Working data →
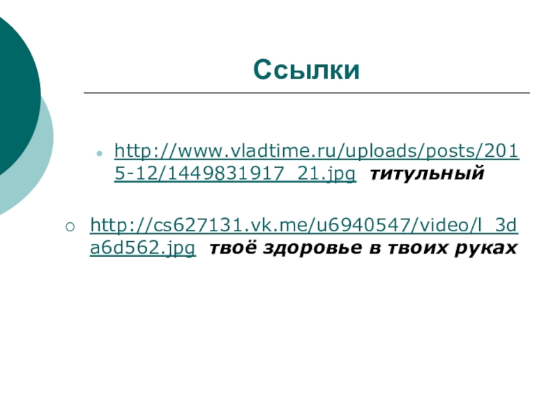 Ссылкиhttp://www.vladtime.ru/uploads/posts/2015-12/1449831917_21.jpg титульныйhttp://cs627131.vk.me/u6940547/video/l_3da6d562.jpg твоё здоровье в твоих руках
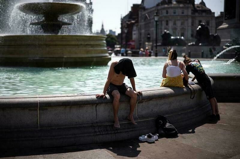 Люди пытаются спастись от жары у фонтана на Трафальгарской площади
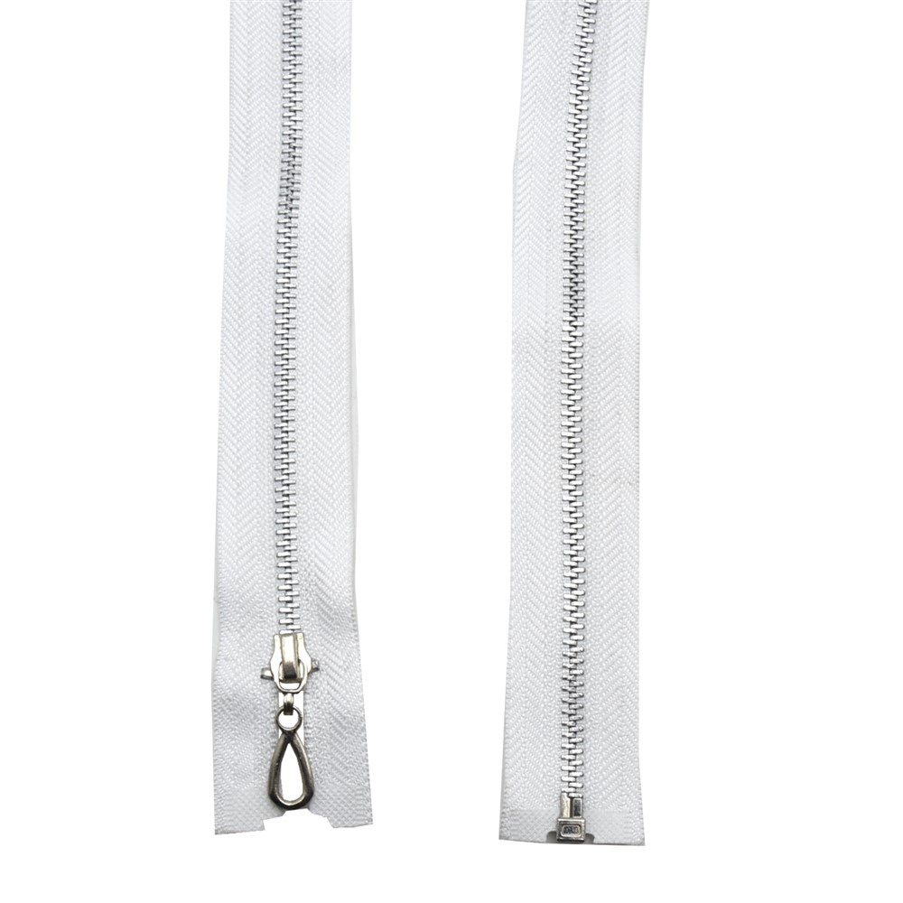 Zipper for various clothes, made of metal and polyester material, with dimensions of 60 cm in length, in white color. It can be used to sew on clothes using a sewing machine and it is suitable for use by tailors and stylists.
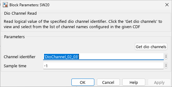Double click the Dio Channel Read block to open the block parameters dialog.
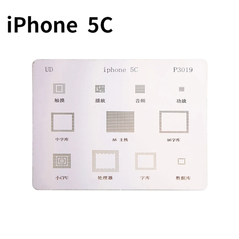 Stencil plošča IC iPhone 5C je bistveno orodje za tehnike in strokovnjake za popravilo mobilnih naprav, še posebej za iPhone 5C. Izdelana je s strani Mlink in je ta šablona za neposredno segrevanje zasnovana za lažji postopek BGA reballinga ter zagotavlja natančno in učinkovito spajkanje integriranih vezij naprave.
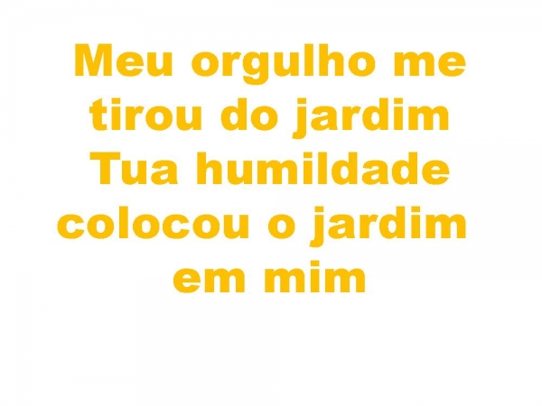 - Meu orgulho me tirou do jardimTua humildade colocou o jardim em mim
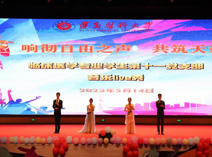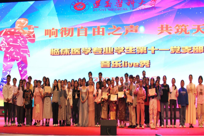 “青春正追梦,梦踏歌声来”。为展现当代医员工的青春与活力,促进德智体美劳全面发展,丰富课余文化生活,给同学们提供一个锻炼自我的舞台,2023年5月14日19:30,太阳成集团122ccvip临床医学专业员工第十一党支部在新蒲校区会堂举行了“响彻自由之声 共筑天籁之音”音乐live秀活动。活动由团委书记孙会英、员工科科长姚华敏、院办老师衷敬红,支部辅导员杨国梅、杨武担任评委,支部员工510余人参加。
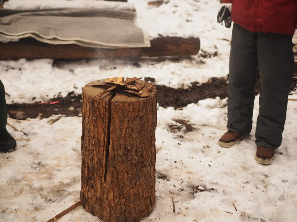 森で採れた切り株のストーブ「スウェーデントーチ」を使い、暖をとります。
...
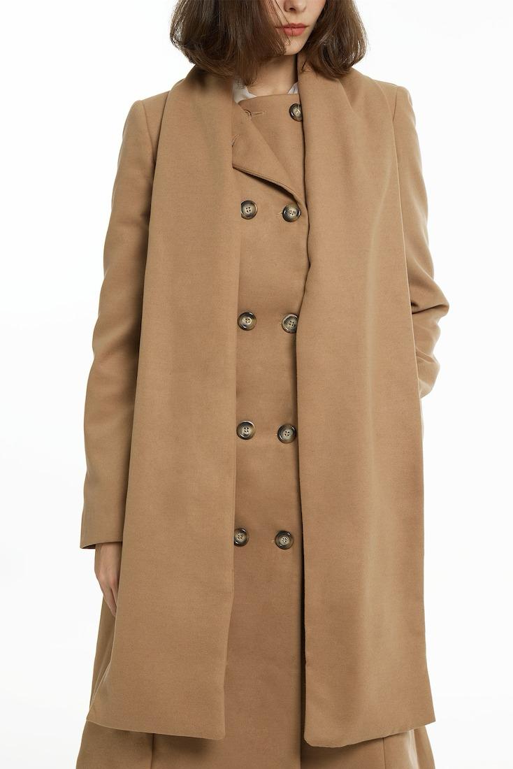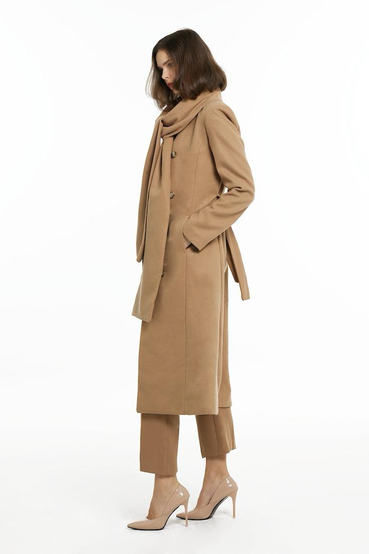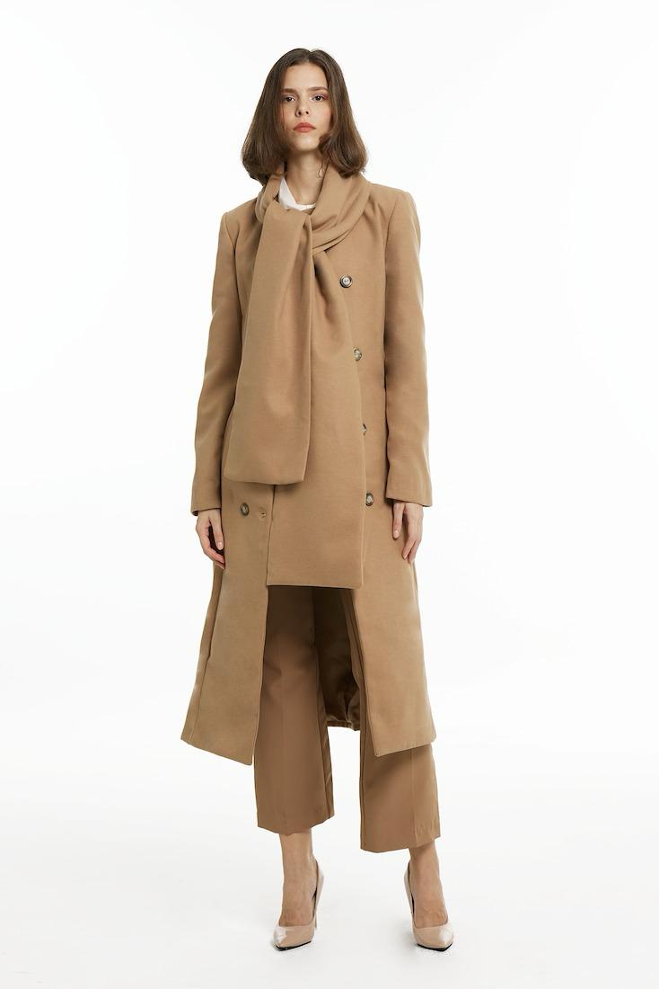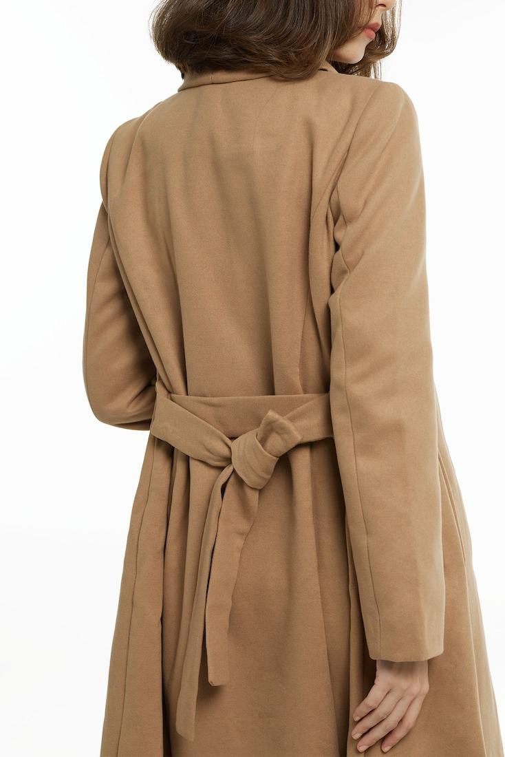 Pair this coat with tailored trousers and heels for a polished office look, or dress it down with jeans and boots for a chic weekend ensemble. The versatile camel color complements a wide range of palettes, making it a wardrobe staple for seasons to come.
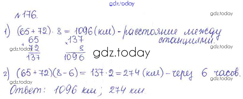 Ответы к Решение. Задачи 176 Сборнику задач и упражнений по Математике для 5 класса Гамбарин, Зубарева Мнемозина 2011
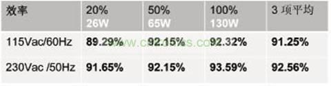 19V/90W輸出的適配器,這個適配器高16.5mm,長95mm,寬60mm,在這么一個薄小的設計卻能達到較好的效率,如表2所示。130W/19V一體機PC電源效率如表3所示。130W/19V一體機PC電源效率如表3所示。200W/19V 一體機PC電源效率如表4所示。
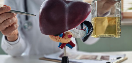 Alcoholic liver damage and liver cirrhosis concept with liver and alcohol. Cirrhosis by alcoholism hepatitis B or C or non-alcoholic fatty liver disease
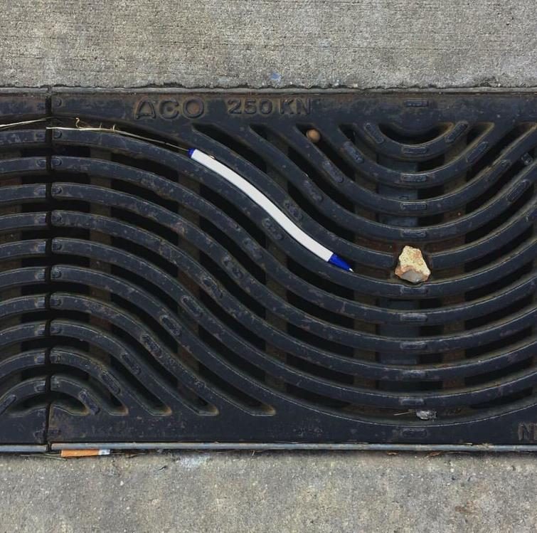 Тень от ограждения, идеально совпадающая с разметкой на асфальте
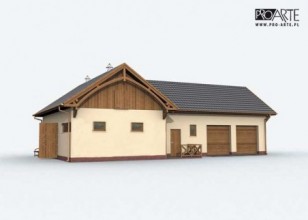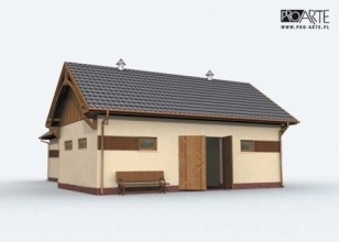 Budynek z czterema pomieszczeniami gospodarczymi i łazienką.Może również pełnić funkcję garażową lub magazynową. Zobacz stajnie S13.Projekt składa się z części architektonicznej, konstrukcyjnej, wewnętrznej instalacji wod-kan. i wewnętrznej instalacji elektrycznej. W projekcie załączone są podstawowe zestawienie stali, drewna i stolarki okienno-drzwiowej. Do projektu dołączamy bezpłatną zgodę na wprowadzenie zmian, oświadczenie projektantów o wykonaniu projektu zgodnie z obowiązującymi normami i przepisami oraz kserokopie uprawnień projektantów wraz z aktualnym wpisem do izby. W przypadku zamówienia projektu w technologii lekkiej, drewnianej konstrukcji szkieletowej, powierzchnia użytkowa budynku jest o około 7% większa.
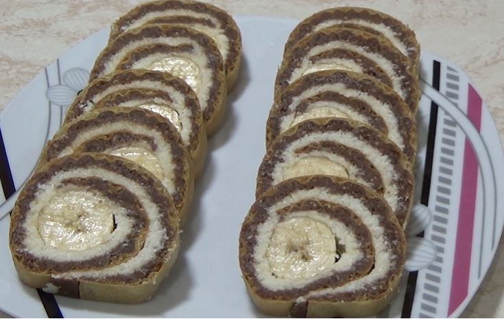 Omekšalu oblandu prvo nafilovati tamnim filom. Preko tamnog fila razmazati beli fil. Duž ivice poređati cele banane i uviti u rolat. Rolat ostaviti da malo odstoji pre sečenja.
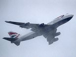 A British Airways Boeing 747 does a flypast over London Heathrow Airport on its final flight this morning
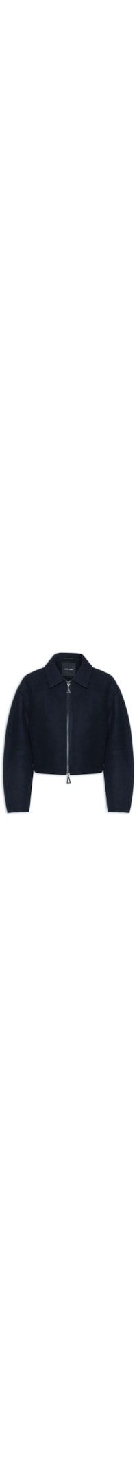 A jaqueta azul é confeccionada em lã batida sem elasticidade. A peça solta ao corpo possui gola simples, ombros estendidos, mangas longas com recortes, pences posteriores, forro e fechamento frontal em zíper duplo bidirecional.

Instructions to follow →
Taking the entries above, extract every line from the one bearing "- Meu orgulho" through the one bearing "森で採れた切り株のストーブ「スウェーデントーチ」を使い、暖をとります。", exactly, with no pictures.

Worked solution →
 - Meu orgulho me tirou do jardimTua humildade colocou o jardim em mim
 “青春正追梦,梦踏歌声来”。为展现当代医员工的青春与活力,促进德智体美劳全面发展,丰富课余文化生活,给同学们提供一个锻炼自我的舞台,2023年5月14日19:30,太阳成集团122ccvip临床医学专业员工第十一党支部在新蒲校区会堂举行了“响彻自由之声 共筑天籁之音”音乐live秀活动。活动由团委书记孙会英、员工科科长姚华敏、院办老师衷敬红,支部辅导员杨国梅、杨武担任评委,支部员工510余人参加。
 森で採れた切り株のストーブ「スウェーデントーチ」を使い、暖をとります。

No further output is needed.